▶ _Source data_
•••

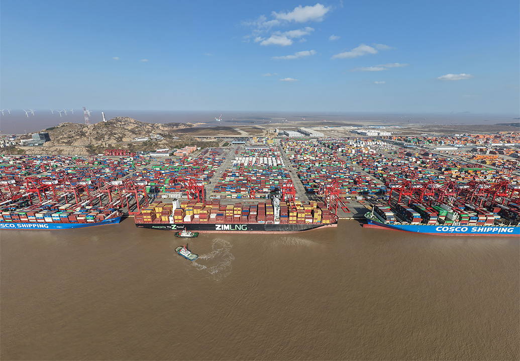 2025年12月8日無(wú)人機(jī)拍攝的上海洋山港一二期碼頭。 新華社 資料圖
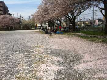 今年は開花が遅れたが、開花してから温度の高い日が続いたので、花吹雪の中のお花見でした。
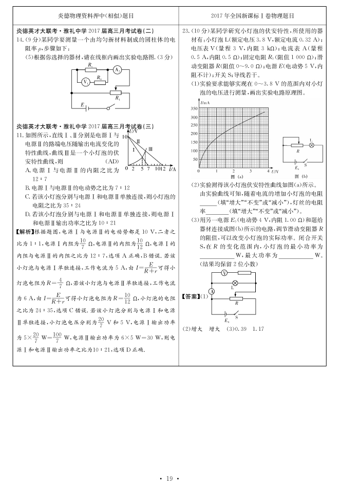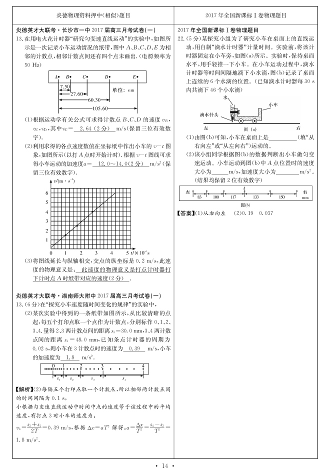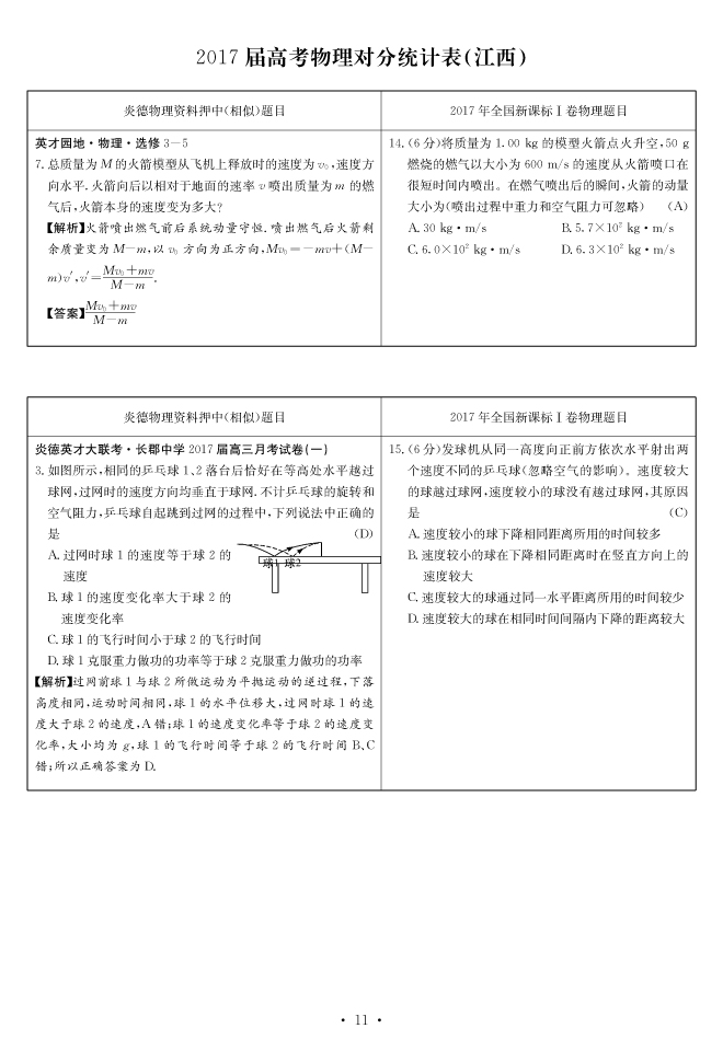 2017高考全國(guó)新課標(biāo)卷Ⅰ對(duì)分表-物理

•••

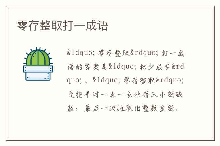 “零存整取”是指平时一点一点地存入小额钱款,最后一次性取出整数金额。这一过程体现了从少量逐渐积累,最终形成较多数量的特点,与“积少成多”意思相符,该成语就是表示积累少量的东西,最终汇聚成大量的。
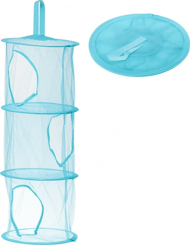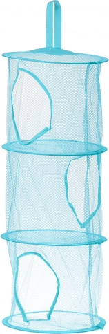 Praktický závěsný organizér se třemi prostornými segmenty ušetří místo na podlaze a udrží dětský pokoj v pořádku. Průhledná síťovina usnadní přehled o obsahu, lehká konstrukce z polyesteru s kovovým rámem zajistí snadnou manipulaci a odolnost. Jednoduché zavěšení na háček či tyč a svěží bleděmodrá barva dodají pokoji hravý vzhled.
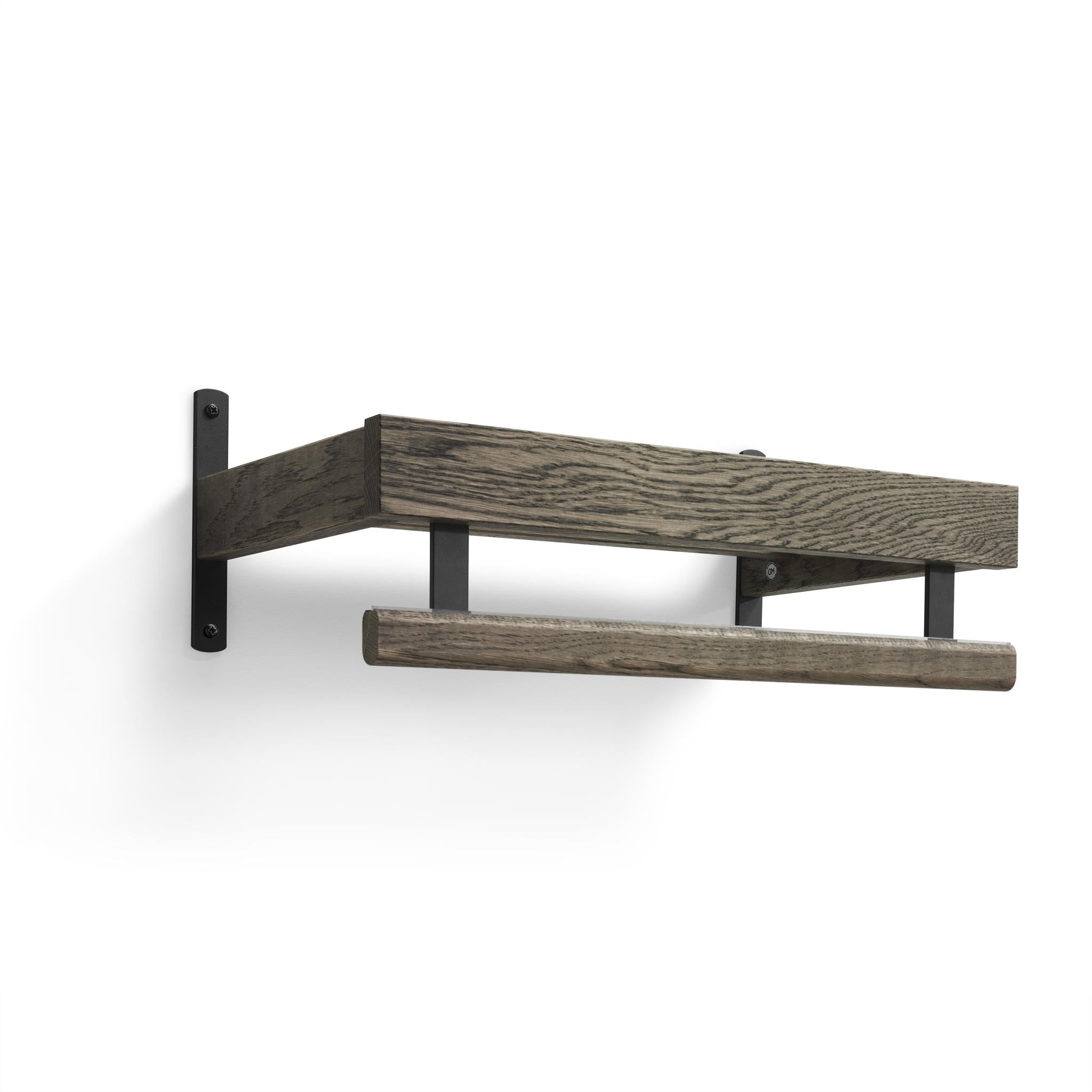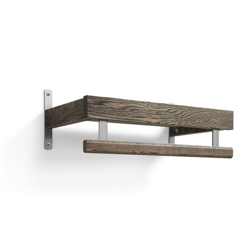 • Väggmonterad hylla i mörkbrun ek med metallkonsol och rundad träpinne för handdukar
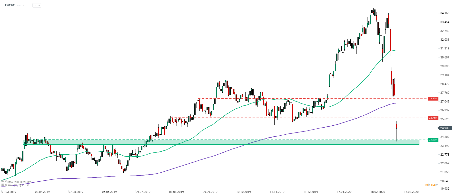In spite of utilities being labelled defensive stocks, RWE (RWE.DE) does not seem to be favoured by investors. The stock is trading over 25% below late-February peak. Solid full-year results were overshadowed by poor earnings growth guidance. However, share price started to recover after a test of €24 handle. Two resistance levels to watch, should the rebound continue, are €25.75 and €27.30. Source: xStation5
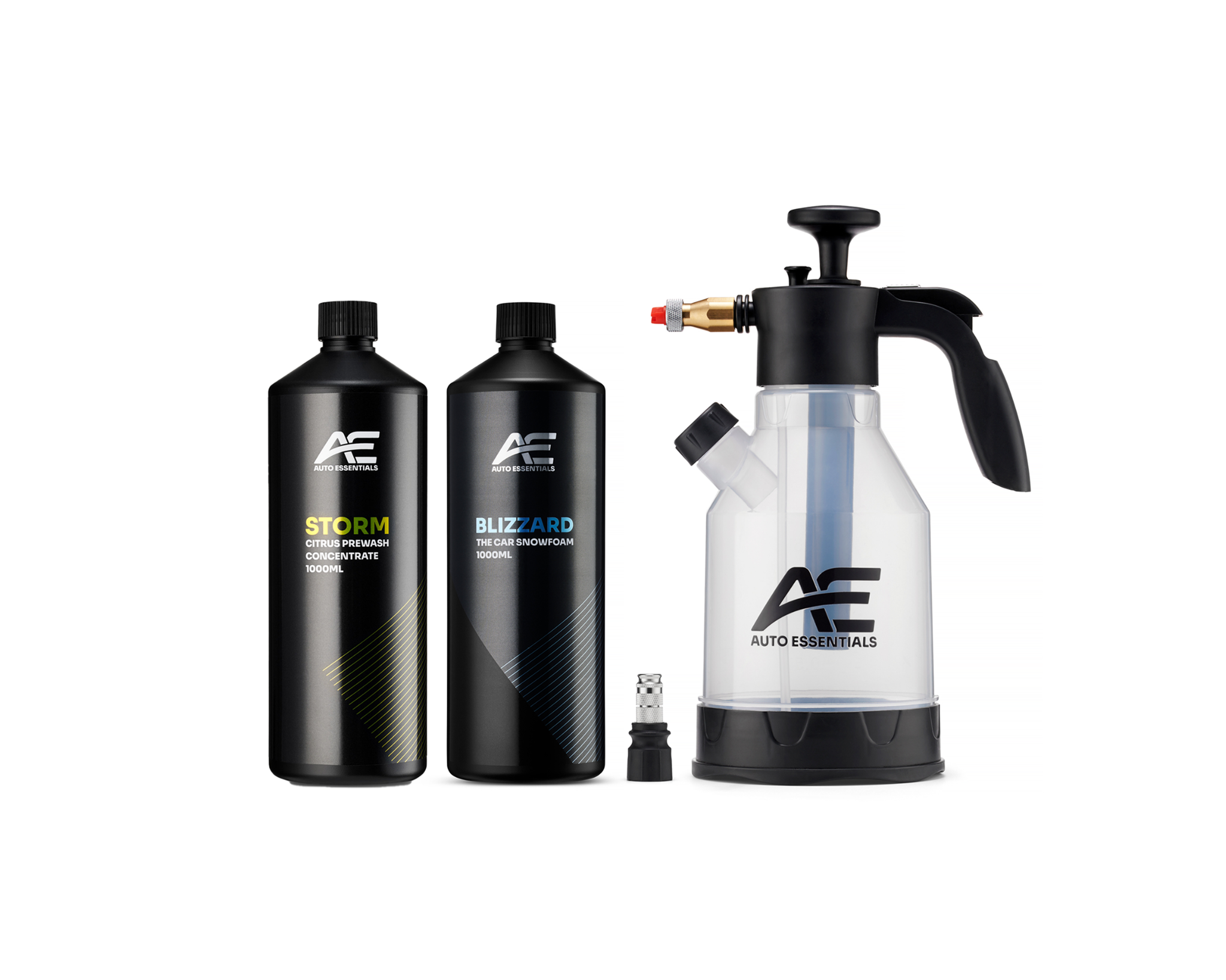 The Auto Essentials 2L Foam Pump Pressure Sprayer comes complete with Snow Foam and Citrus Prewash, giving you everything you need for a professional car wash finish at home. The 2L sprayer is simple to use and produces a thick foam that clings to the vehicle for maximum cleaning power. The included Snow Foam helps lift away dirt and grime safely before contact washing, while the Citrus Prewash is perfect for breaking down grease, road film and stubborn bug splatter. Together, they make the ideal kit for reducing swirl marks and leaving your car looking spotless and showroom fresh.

•••

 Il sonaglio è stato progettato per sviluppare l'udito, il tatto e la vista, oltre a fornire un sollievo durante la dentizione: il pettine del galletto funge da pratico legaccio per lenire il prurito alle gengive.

•••

▶ _Requirement_
Above are the records; restate exactly the lines from the one containing "2025年12月8日無(wú)人機(jī)拍攝的上海洋山港一二期碼頭。 新華社 資料圖" through the one containing "2017高考全國(guó)新課標(biāo)卷Ⅰ對(duì)分表-物理", keeping pictures out.

▶ _Exercise answer_
 2025年12月8日無(wú)人機(jī)拍攝的上海洋山港一二期碼頭。 新華社 資料圖
 今年は開花が遅れたが、開花してから温度の高い日が続いたので、花吹雪の中のお花見でした。
 2017高考全國(guó)新課標(biāo)卷Ⅰ對(duì)分表-物理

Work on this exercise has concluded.